_Task prompt_
Everything in the listing below has to be repeated exactly, except the pictures.

[[ Provided entries open ]]

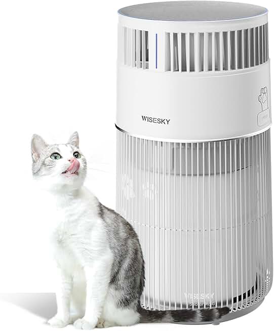 Air Purifier for Home Cat Hair Pee Smell in Bedroom, Cat Safety by 24 Voltage, 360° Air Inlet, 3 in 1 HEPA Filter Removes Dust, Dander, Odor, Smart APP Control, 23dB Sleep Mode, W-Cat, White
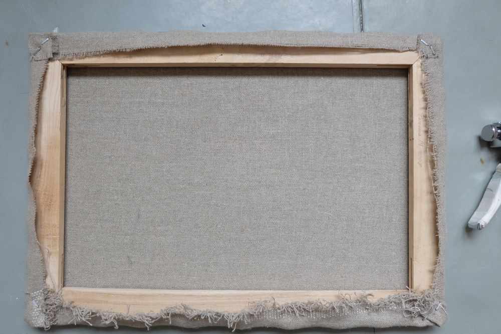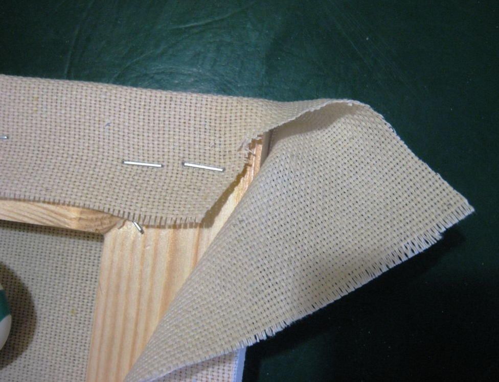 После натягивания канва должна выступать за край со всех сторон на несколько сантиметров. Края ткани подгибают и сшивают между собой по углам.
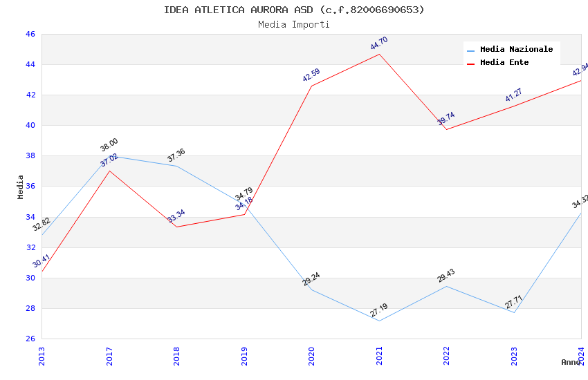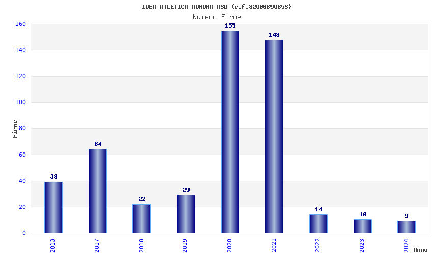 | Anno | Firme | Importi | Media | Naz. | Reg. | Prov. | Comu. |
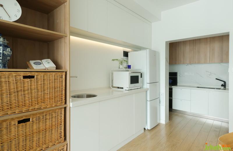收納是這個(gè)家不變的主題,主人信奉‘?dāng)嗌犭x’的生活態(tài)度,半開(kāi)放的廚房將西廚空間為之融合西廚的小盆子可以做一些沙拉,解決一些簡(jiǎn)單的食物處理工作操作臺(tái)簡(jiǎn)潔不冗余,是一定要實(shí)現(xiàn)的廚房生活美學(xué)
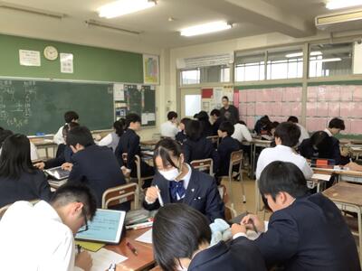 先週から二者面談が始まり、3年生は進路選択の大切な時期を迎えています。今日は学年で受験の際の面接について、動画教材を見ながら確認をしました。しっかりとポイントを知ることができました。真剣さを感じる時間となりました。
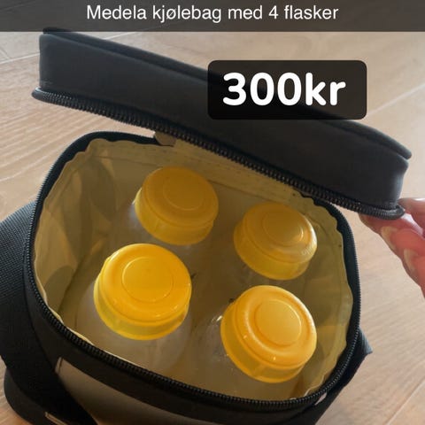 Medela kjølebag for oppbevaring og transport av morsmelk. Settet består av en isolert kjøleveske i svart med glidelåslukking, formtilpasset kjøleelement og Medela-flasker med skrukork. Kjøleelementet legges i fryser før bruk og bidrar til å holde morsmelken kjølig over lengre tid. Vesken har bærestropp og er egnet til bruk hjemme, i barnehage eller på reise for trygg og praktisk lagring av pumpet morsmelk.
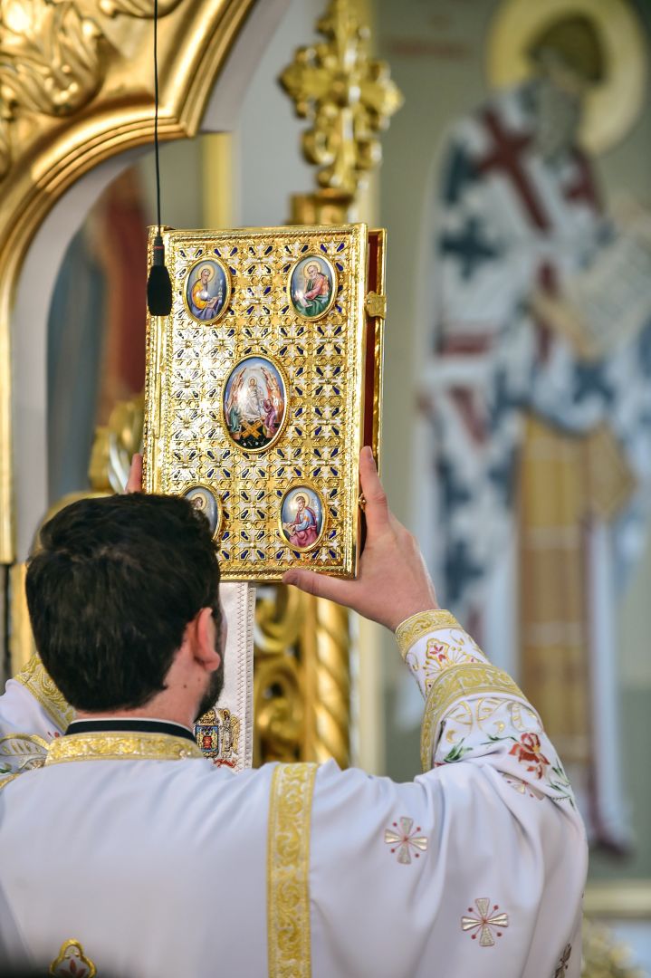 „Dorim să vă oferim un dar simbolic, o Sfântă Evanghelie care poartă în mijloc icoana Învierii Domnului nostru Iisus Hristos, în legătură cu hramul Paraclisului şi cu misiunea pe care ne-aţi încredinţat-o încă de la sfinţire atunci când aţi spus că acest hram – Învierea Domnului – este ca o «reparaţie morală pentru Bisericile demolate, răstignite în perioada comunistă» pentru a se construi Casa Poporului. Şi pentru că noi trebui să păstrăm mereu în amintire, chiar şi în aceste momente de bucurie, tristeţea dărâmării unor altare ale credinţei dorim să arătăm că nu am uitat şi vă oferim această Sfântă Evanghelie”, a spus părintele arhimandrit Paisie Teodorescu.
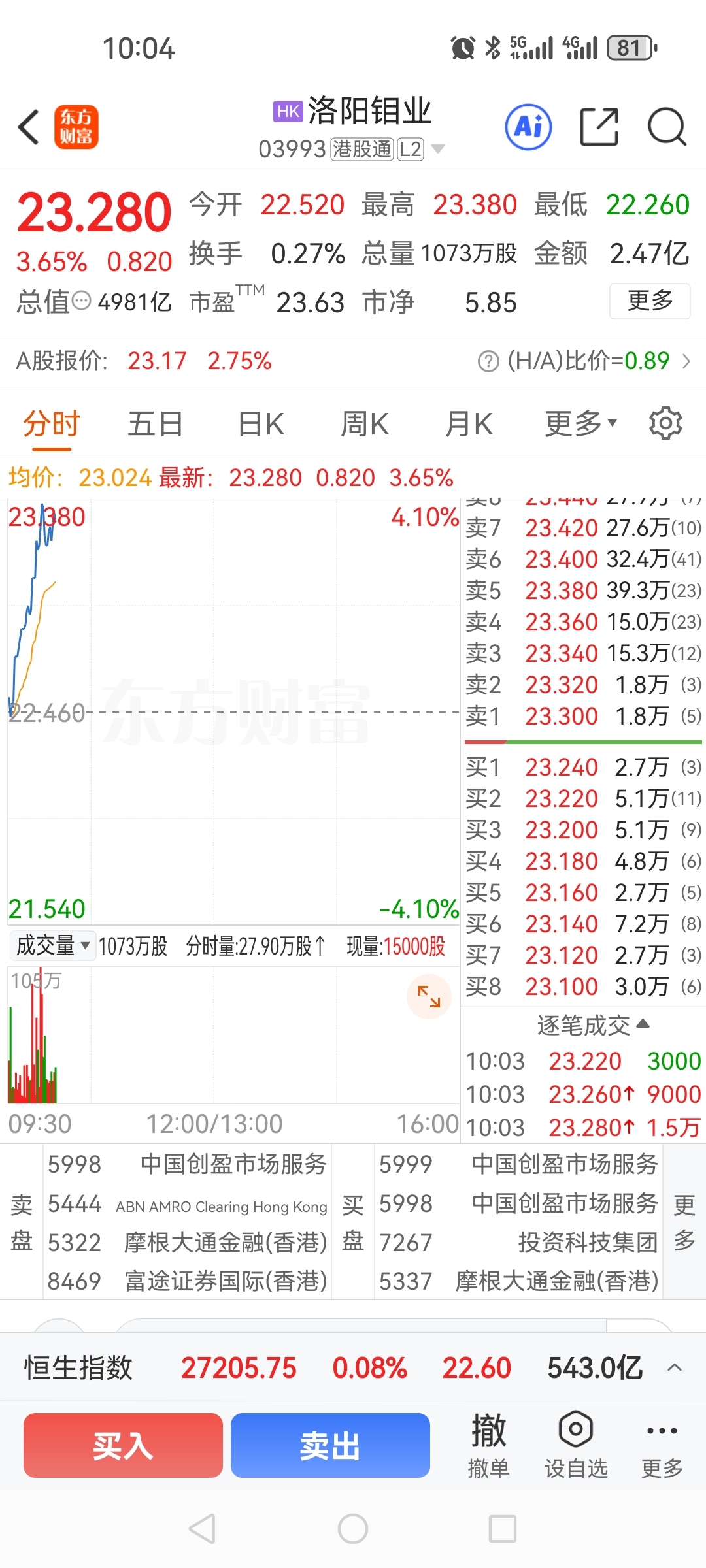 $洛阳钼业(SH603993)$ 港股洛阳钼业今天股价最近一年首次超过A股洛阳可以了,说明A股洛阳钼业被严重低估
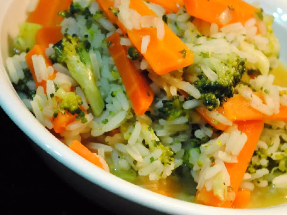 - Ablöschen mit Gemüsebrühe und köcheln lassen, die ganze 5 Minuten.
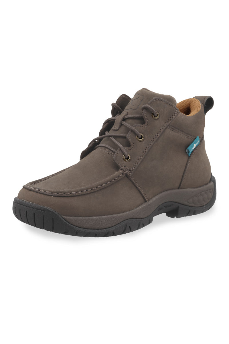 FIT: USA – M WIDTH, full-grain leather upper, waterproof membrane, Barnshield protected leather, breathable moisture-wicking air-mesh lining, removable, moisture-wicking, antibacterial and machine washable moulded footbed, compression-moulded EVA midsole with Twisted X patented CellStretch comfort technology, nylon/glass fibre shank for long-lasting comfort, stability and durability, moulded rubber oil and slip resistant outsole provides durability
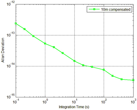 We use the phase noise analyzer 5125 A to measure the frequency stability of the 100 MHz signal in the frequency transfer system based on the optical fiber delay line. The experimental results are shown in Figure 9. The system successfully compensates for the frequency signal jitter, achieving a stability of 4.17 × 10−14@1 s and 2.51 × 10−15@1000 s for the 100 MHz signal.
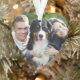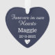 Simply elegant heart-shaped holiday memorial ornament can be personalised as a special remembrance keepsake for the loss of a pet dog, cat, or other loved one. Design features a photo on the front and custom 'Forever in our Hearts' with their name and lifespan on the back. Midnight blue colour and font styles can be modified.
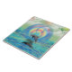 2 dauphins nageant dans l'océan près d'une belle augmentation de couleurs et de l'eau avec 2 planètes, une lune et un soleil coloré. Couleurs roses, bleues, d'aqua, jaunes et vertes dans l'eau et le ciel.
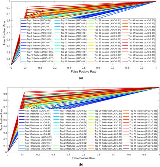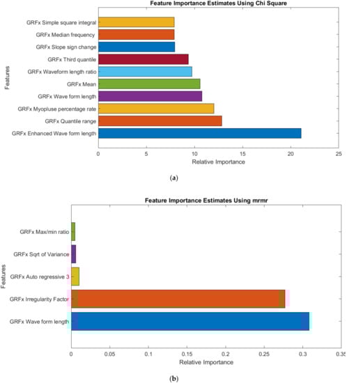 A large number of attributes may confuse the model. Feature selections allow further dimensionality reduction. In this study, the forward feature selection approach was followed by adding one feature at a time and then checking the performance. To ensure using the best feature, the feature matrix was reordered according to feature importance. In this study, we mainly used filter type feature selection algorithms provided by MATLAB, which were Chi-square [], minimum redundant maximum relevant (mrmr) [], neighborhood component analysis (fscnca) [], and Relieff [] algorithms.
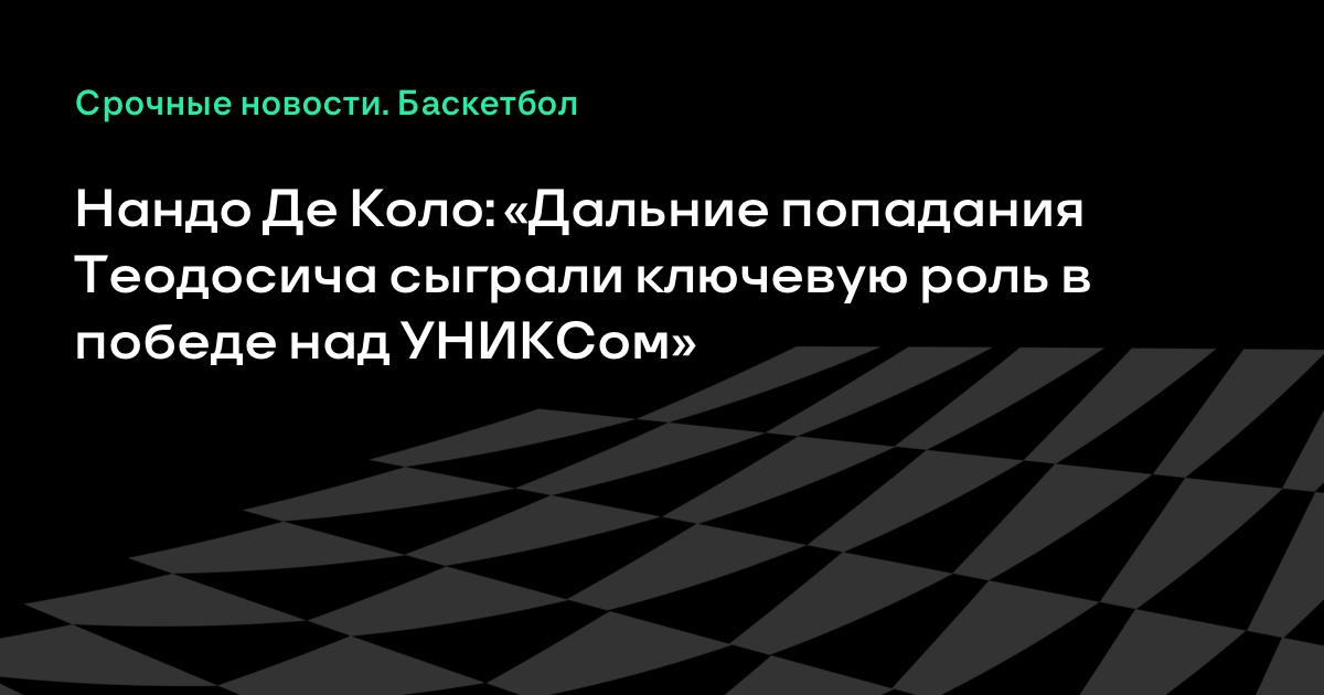 «Здорово начали матч, но во второй половине УНИКС вернулся в игру. В принципе, это было ожидаемо, все-таки у них много сильных игроков, обладающих хорошим броском. Нас немножко расслабила разница в счете во второй половине, и мы уже не так хорошо защищались. Но главное, что в итоге добились победы. Дальние попадания Теодосича во второй половине сыграли ключевую роль, знаем, что Милош может забивать эти броски, и они были важны для нас», — цитирует Де Коло «Р-Спорт».
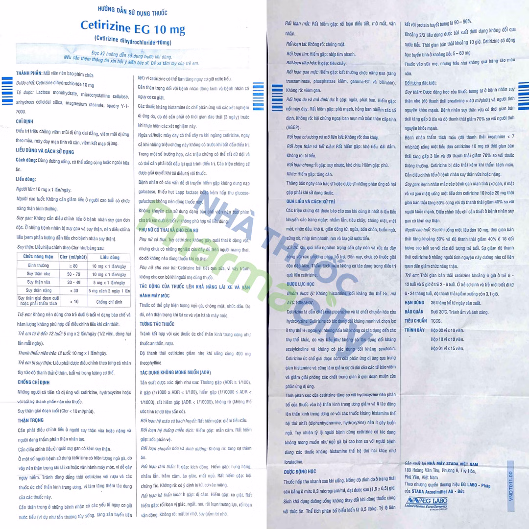 Viên nén Cetirizin EG 10mgchứa hoạt chất Cetirizine dihydrochloride, một loại thuốc kháng histamine được sử dụng để điều trị triệu chứng viêm mũi dị ứng (như hắt hơi, chảy nước mũi, ngứa mũi) và mày đay (phát ban, ngứa). Cetirizine hoạt động bằng cách ngăn chặn tác động của histamine, một chất gây ra các triệu chứng dị ứng trong cơ thể. Viên nén Cetirizin EG 10mg giúp giảm nhanh các triệu chứng khó chịu do dị ứng gây ra, mang lại hiệu quả kéo dài và ít gây buồn ngủ. Sản phẩm được sử dụng một lần mỗi ngày và phù hợp cho người lớn và trẻ em từ 6 tuổi trở lên.
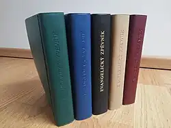 - ↑ Evangelický zpěvník. 1. vyd. Praha: Synodní rada českobratrské církve evangelické, 1979. 918 s. Kapitola Osnova zpěvníku, s. 5–7.
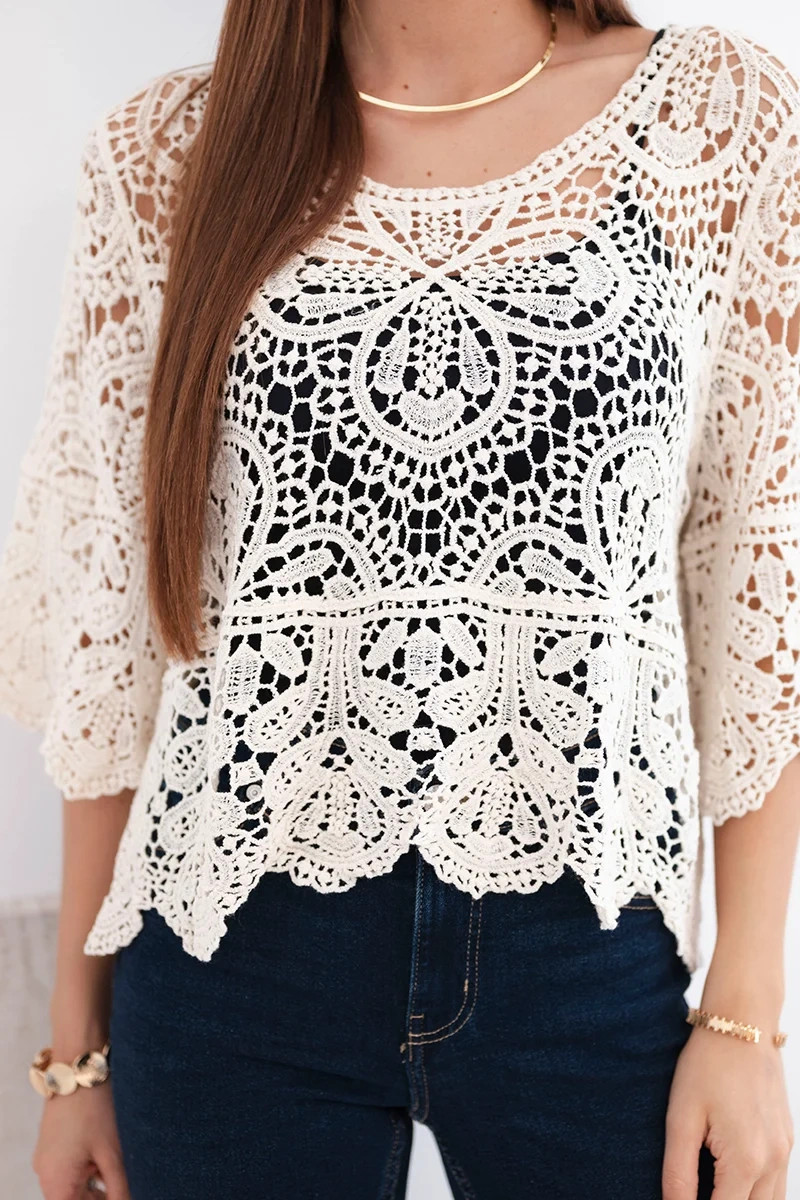 Dámský bavlněný prolamovaný svetr s krátkým rukávem a ozdobným vzorem béžový

[[ Provided entries closed ]]

_Written response_
 Air Purifier for Home Cat Hair Pee Smell in Bedroom, Cat Safety by 24 Voltage, 360° Air Inlet, 3 in 1 HEPA Filter Removes Dust, Dander, Odor, Smart APP Control, 23dB Sleep Mode, W-Cat, White
 После натягивания канва должна выступать за край со всех сторон на несколько сантиметров. Края ткани подгибают и сшивают между собой по углам.
 | Anno | Firme | Importi | Media | Naz. | Reg. | Prov. | Comu. |
收納是這個(gè)家不變的主題,主人信奉‘?dāng)嗌犭x’的生活態(tài)度,半開(kāi)放的廚房將西廚空間為之融合西廚的小盆子可以做一些沙拉,解決一些簡(jiǎn)單的食物處理工作操作臺(tái)簡(jiǎn)潔不冗余,是一定要實(shí)現(xiàn)的廚房生活美學(xué)
 先週から二者面談が始まり、3年生は進路選択の大切な時期を迎えています。今日は学年で受験の際の面接について、動画教材を見ながら確認をしました。しっかりとポイントを知ることができました。真剣さを感じる時間となりました。
 Medela kjølebag for oppbevaring og transport av morsmelk. Settet består av en isolert kjøleveske i svart med glidelåslukking, formtilpasset kjøleelement og Medela-flasker med skrukork. Kjøleelementet legges i fryser før bruk og bidrar til å holde morsmelken kjølig over lengre tid. Vesken har bærestropp og er egnet til bruk hjemme, i barnehage eller på reise for trygg og praktisk lagring av pumpet morsmelk.
 „Dorim să vă oferim un dar simbolic, o Sfântă Evanghelie care poartă în mijloc icoana Învierii Domnului nostru Iisus Hristos, în legătură cu hramul Paraclisului şi cu misiunea pe care ne-aţi încredinţat-o încă de la sfinţire atunci când aţi spus că acest hram – Învierea Domnului – este ca o «reparaţie morală pentru Bisericile demolate, răstignite în perioada comunistă» pentru a se construi Casa Poporului. Şi pentru că noi trebui să păstrăm mereu în amintire, chiar şi în aceste momente de bucurie, tristeţea dărâmării unor altare ale credinţei dorim să arătăm că nu am uitat şi vă oferim această Sfântă Evanghelie”, a spus părintele arhimandrit Paisie Teodorescu.
 $洛阳钼业(SH603993)$ 港股洛阳钼业今天股价最近一年首次超过A股洛阳可以了,说明A股洛阳钼业被严重低估
 - Ablöschen mit Gemüsebrühe und köcheln lassen, die ganze 5 Minuten.
 FIT: USA – M WIDTH, full-grain leather upper, waterproof membrane, Barnshield protected leather, breathable moisture-wicking air-mesh lining, removable, moisture-wicking, antibacterial and machine washable moulded footbed, compression-moulded EVA midsole with Twisted X patented CellStretch comfort technology, nylon/glass fibre shank for long-lasting comfort, stability and durability, moulded rubber oil and slip resistant outsole provides durability
 We use the phase noise analyzer 5125 A to measure the frequency stability of the 100 MHz signal in the frequency transfer system based on the optical fiber delay line. The experimental results are shown in Figure 9. The system successfully compensates for the frequency signal jitter, achieving a stability of 4.17 × 10−14@1 s and 2.51 × 10−15@1000 s for the 100 MHz signal.
 Simply elegant heart-shaped holiday memorial ornament can be personalised as a special remembrance keepsake for the loss of a pet dog, cat, or other loved one. Design features a photo on the front and custom 'Forever in our Hearts' with their name and lifespan on the back. Midnight blue colour and font styles can be modified.
 2 dauphins nageant dans l'océan près d'une belle augmentation de couleurs et de l'eau avec 2 planètes, une lune et un soleil coloré. Couleurs roses, bleues, d'aqua, jaunes et vertes dans l'eau et le ciel.
 A large number of attributes may confuse the model. Feature selections allow further dimensionality reduction. In this study, the forward feature selection approach was followed by adding one feature at a time and then checking the performance. To ensure using the best feature, the feature matrix was reordered according to feature importance. In this study, we mainly used filter type feature selection algorithms provided by MATLAB, which were Chi-square [], minimum redundant maximum relevant (mrmr) [], neighborhood component analysis (fscnca) [], and Relieff [] algorithms.
 «Здорово начали матч, но во второй половине УНИКС вернулся в игру. В принципе, это было ожидаемо, все-таки у них много сильных игроков, обладающих хорошим броском. Нас немножко расслабила разница в счете во второй половине, и мы уже не так хорошо защищались. Но главное, что в итоге добились победы. Дальние попадания Теодосича во второй половине сыграли ключевую роль, знаем, что Милош может забивать эти броски, и они были важны для нас», — цитирует Де Коло «Р-Спорт».
 Viên nén Cetirizin EG 10mgchứa hoạt chất Cetirizine dihydrochloride, một loại thuốc kháng histamine được sử dụng để điều trị triệu chứng viêm mũi dị ứng (như hắt hơi, chảy nước mũi, ngứa mũi) và mày đay (phát ban, ngứa). Cetirizine hoạt động bằng cách ngăn chặn tác động của histamine, một chất gây ra các triệu chứng dị ứng trong cơ thể. Viên nén Cetirizin EG 10mg giúp giảm nhanh các triệu chứng khó chịu do dị ứng gây ra, mang lại hiệu quả kéo dài và ít gây buồn ngủ. Sản phẩm được sử dụng một lần mỗi ngày và phù hợp cho người lớn và trẻ em từ 6 tuổi trở lên.
 - ↑ Evangelický zpěvník. 1. vyd. Praha: Synodní rada českobratrské církve evangelické, 1979. 918 s. Kapitola Osnova zpěvníku, s. 5–7.
 Dámský bavlněný prolamovaný svetr s krátkým rukávem a ozdobným vzorem béžový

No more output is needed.